Не кормите и не трогайте пеликанов | страница 90



Какое-то время сидел, уставившись в одну точку, слушал короткие гудки, а потом изо всех сил ударил кулаком по столу и завопил от ярости. Потом снова ударил и снова завопил. Я бил по столу и вопил, пока не раздался стук в батарею. Это соседка снизу деликатно предупредила, что шуметь не следует. Я посидел немного, уже тихо, затем встал, оделся, спустился вниз в алкогольный ларек, купил две бутылки крепкого пива, потом долго пил эту едкую мочу, курил, думал, как вокруг всё дерьмово. Но с каждым глотком становилось легче, и к ночи, окончательно успокоившись, я лег спать, решив, что утро вечера мудренее и что завтра надо заплатить за городской телефон, иначе его отключат.

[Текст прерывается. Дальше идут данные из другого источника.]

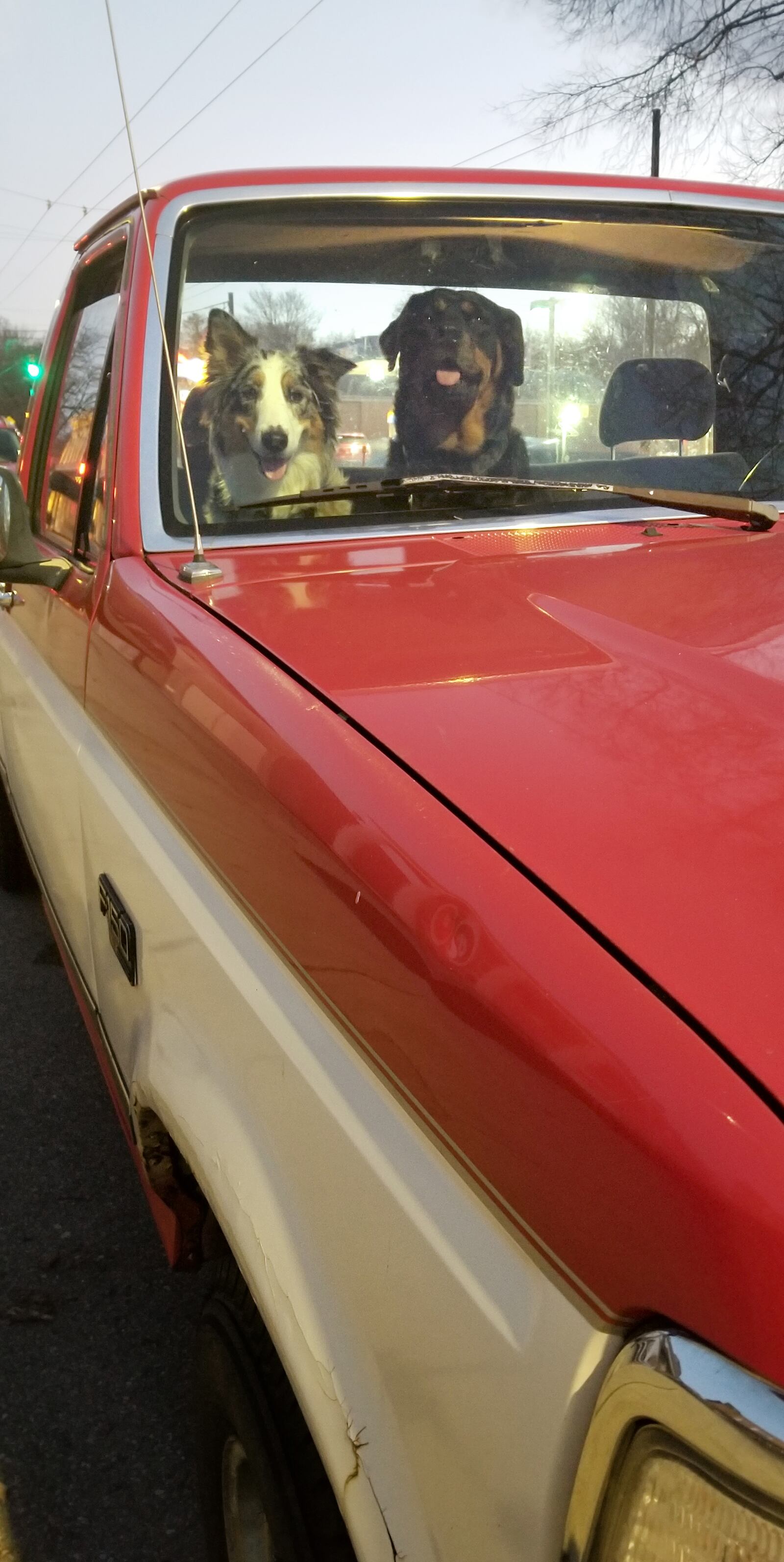 I love to shoot pool. I love to watch football. And I LOVE to take our dogs for rides in my pickup truck.

Надо не забыть положить деньги на телефон. Заворачиваю за угол, подхожу к переходу. Лиловый автомобиль, огромный, широкий, как танк, замедляет ход и останавливается рядом. Девушка за рулем, смуглая брюнетка, показывает жестом: проходите. Надо же, какие мы вежливые… Снисходительно киваю, мол, премного благодарен, оценил, оценил вашу любезность. Ничего удивительного: ее автомобиль выглядит так, что его водительница может позволить себе снизойти до очкастого нищеброда.

Люди всегда остаются прежними, но изо всех сил стараются показать, что меняются, делаются лучше, щедрее, вежливее, цивилизованнее, что они хоть сейчас готовы стать добрыми либеральными европейцами, что 70 лет советской азиатчины были случайным недоразумением.

Я бросаю взгляд на бледно-зеленый фасад пятиэтажного дома. Треугольный фронтон, фальшивые толстопузые колонны, окна – огромные, в человеческий рост: в отличие от своих обитателей, постройки нисколько не пытаются показаться непостоянными. Напротив, они убеждают нас в обратном: смотрите, вот уже 300 лет, а мы всё те же, всё там же, всё так же давим каменными подошвами фундаментов дряхлое болотное царство, побеждая время, благополучно переживая сменяющих друг друга хозяев. Вон, пожалуйста, надпись For Sale белой краской и девять знаков телефонного номера. Можно позвонить, спросить, сколько тут всё сто́ит, – черт, я совсем забыл, деньги кончились. Петр Алексеевич, как кентавр из Апдайка, перед каждой лекцией выводил мелом на доске приблизительный возраст вселенной: цифра 5 и за ней длинной гусеницей нули. Причем нулей было так много, что взгляд сбивался, их считая.

Сворачиваю в переулок – и с разгона почти врезаюсь в низкорослого мужичка, одетого в серый пуховик.

– Придурок! – рявкает он, отшатнувшись. – Гляди, куда прешь!